In the beginning, he recalled, the only people who knew what the Internet was were those who, like himself, had been to other countries to study. His first encounter was in 1986, while on a scholarship at the University of California, where he got his master’s and doctorate degrees.

Hence, the initial focus on e-mail, which did not require constant connectivity in a time when the information passed through dial-up telephone lines, and even local calls, were somewhat expensive.

So they created a store and forward system, where you could type your e-mail, then connect to send and retrieve, then disconnect, read your incoming mail and then connect again. “We used the then-popular UUCP protocol, which was designed for this purpose. Not only that – we had clients who showed up physically with diskettes in their hand,” he said. “Today, people would be flabbergasted, but that‘s how it worked.”

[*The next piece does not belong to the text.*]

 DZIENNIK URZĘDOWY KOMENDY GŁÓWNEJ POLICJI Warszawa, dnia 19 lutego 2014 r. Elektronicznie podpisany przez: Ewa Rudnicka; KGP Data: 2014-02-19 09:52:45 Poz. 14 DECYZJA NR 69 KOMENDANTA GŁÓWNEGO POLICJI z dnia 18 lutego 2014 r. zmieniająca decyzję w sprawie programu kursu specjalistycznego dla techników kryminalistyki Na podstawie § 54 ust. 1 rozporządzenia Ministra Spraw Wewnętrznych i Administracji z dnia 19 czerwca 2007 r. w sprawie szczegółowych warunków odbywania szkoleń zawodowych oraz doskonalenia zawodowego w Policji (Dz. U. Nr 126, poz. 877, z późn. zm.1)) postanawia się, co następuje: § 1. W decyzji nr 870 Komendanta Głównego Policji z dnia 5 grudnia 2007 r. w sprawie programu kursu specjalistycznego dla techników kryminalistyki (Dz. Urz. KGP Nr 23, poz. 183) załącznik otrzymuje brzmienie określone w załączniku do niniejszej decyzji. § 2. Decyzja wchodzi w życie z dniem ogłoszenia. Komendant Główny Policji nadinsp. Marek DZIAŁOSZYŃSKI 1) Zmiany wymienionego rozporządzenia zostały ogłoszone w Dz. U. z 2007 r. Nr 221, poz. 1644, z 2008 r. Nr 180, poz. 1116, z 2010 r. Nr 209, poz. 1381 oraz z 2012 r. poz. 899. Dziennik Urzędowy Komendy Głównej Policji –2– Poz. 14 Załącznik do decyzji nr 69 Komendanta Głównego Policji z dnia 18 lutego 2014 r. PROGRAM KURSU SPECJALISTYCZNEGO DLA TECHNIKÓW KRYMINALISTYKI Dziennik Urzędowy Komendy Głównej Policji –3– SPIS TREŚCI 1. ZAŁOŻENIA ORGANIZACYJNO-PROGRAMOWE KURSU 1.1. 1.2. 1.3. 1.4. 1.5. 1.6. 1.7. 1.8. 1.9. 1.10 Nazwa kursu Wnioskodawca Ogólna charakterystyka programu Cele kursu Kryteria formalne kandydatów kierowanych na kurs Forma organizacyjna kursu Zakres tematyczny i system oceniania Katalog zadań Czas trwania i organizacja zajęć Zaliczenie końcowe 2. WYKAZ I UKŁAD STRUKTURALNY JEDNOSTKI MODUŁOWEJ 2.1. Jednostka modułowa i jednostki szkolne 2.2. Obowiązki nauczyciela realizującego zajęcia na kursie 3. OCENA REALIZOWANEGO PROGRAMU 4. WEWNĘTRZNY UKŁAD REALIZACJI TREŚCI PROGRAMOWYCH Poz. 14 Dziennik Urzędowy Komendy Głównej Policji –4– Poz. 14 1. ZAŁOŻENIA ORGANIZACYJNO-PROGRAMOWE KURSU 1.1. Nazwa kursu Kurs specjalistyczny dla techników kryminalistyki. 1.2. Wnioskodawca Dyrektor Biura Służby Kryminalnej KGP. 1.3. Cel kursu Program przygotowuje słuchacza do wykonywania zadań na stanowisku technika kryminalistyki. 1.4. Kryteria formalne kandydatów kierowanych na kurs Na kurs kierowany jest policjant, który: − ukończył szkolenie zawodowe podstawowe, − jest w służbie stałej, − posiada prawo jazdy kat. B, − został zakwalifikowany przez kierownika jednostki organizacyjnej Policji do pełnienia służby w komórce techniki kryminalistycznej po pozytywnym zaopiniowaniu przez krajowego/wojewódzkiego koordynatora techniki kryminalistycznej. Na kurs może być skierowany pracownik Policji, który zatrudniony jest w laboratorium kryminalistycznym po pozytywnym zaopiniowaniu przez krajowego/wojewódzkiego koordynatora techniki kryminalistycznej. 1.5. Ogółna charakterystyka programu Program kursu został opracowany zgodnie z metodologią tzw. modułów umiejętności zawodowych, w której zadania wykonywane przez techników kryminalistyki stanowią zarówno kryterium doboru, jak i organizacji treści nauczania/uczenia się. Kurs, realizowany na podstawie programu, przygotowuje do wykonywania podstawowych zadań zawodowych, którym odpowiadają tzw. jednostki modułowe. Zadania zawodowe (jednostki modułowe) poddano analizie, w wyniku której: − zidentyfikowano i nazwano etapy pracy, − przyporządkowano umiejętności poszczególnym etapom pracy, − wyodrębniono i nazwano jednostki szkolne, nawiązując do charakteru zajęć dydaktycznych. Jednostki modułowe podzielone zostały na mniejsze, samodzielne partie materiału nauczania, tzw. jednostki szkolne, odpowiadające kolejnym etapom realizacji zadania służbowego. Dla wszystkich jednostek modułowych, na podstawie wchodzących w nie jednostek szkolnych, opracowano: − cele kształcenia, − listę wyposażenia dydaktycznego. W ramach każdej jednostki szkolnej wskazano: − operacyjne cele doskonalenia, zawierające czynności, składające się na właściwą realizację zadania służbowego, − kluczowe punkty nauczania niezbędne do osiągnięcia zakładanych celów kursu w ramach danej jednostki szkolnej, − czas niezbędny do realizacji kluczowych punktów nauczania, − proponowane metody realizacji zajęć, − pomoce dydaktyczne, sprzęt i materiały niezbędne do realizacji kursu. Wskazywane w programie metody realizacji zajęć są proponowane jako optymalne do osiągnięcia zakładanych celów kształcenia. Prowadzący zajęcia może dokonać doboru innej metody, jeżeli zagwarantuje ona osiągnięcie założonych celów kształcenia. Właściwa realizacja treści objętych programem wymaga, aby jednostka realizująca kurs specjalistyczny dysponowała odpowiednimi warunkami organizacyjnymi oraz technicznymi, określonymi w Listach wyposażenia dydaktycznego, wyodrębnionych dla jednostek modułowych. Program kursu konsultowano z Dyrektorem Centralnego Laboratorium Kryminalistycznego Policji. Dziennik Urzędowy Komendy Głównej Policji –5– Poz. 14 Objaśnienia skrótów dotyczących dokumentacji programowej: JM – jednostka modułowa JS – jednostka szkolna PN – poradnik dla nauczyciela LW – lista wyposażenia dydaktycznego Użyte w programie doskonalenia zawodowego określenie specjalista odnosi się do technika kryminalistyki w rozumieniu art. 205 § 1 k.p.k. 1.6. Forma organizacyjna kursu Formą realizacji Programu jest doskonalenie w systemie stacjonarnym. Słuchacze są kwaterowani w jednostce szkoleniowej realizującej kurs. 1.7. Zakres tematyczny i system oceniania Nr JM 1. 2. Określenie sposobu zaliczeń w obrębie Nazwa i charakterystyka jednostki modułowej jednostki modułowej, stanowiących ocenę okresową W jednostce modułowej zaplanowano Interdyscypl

They also created a system that scoured various sources for news on Sri Lanka and maintained a mailing list to share updates with interested people around the globe. “This was a precursor to today’s social networks,” Dias noted.

In the 1990s, they moved from store-and-forward e-mail to the country’s academic network, LEARN, which today still connects academic bodies across the country through fiber optic networks.

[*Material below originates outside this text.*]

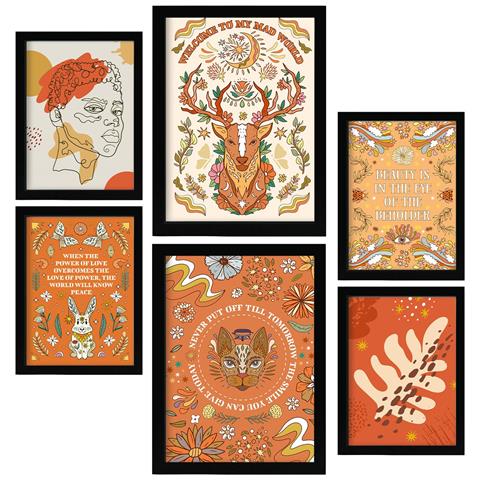 Set Di 6 Stampe Stampa Di Orange In Brilliant Groovy Style Collection Cornici Decorative Per La Tua Casa Stampa Artistica Da Parete A3 & A4 Cornice Nera

As part of the process of setting up e-mail, Gihan also secured the .lk domain from Jon Postel, who served at the time as administrator of the Internet Assigned Numbers Authority (IANA). Dias managed the registry at the University of Moratuwa until it was incorporated as a national non-profit organization in 2005, and continues to oversee it today.

Gihan attributes much of his success to support from the Internet Society (ISOC), of which he remains an active member.

In 1995, he attended his first ISOC networking workshop for developing countries, held in Prague.

“It was a really fantastic experience,” Dias said. “They taught us how to build the Internet.”

Since then, he has gone to ISOC workshops, has sent colleagues to workshops, and has also been a resource person.

“That was a big part of my life. I found that the Internet Society was doing something very important.”

Today, he is the Past President of the local ISOC chapter, which he says is “focused on cybersafety and making the Internet better for everyone.”